The gift will fund research scholarships for undergraduate and graduate students in the departments of physical and environmental sciences and biological sciences – specifically to perform fieldwork in Rouge National Urban Park. Located on the border between Scarborough and Pickering and on the doorstep of UTSC, the 47-square-kilometre park features forests, meadows, ponds, wetlands and sandy beaches. As UTSC is the primary research and education partner of Parks Canada in the Rouge River valley, faculty and students enjoy extensive opportunities to study the park’s biodiversity. Past undergraduate research initiatives have focused on identifying flora and fauna, testing soil and water quality, and assessing the impact of invasive plant species. The 40 undergraduate scholarships funded by the gift – worth $5,000 each – will let students work with faculty members on similar projects. Meanwhile, 20 graduate scholarships, each worth $10,000, will enable master’s and doctoral students to pursue research on sustaining natural environments located near urban areas.

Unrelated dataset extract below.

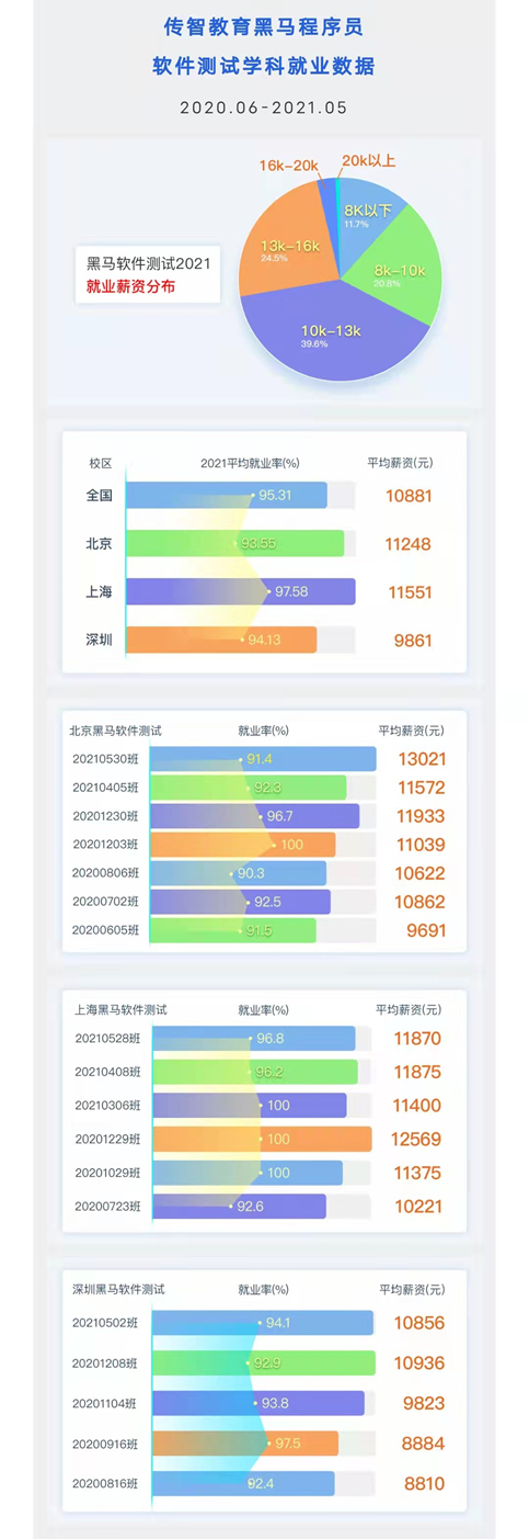 而从传智教育软件测试学科近一年一线城市的就业数据来看,软件测试学科的就业率及就业薪资更是呈现持续同步上涨趋势。

As well, the donation will create a $100,000-per-annum specialized professorship in urban forest conservation and biology. The chosen prof will be an environmental or biological science expert, and will lead all programs, research and student placements associated with the park. TD’s commitment also includes support for community university initiatives, such as environmental workshops for local youths, science talks and community garden allotments.

“Through this gift, students and faculty will develop a better understanding of the benefits of this kind of local ecosystem and the importance of preserving it,” says Andrew Mason, chair of the department of biological sciences. “They will have access to something that can advance their degrees and connect them to what they are studying in the classroom.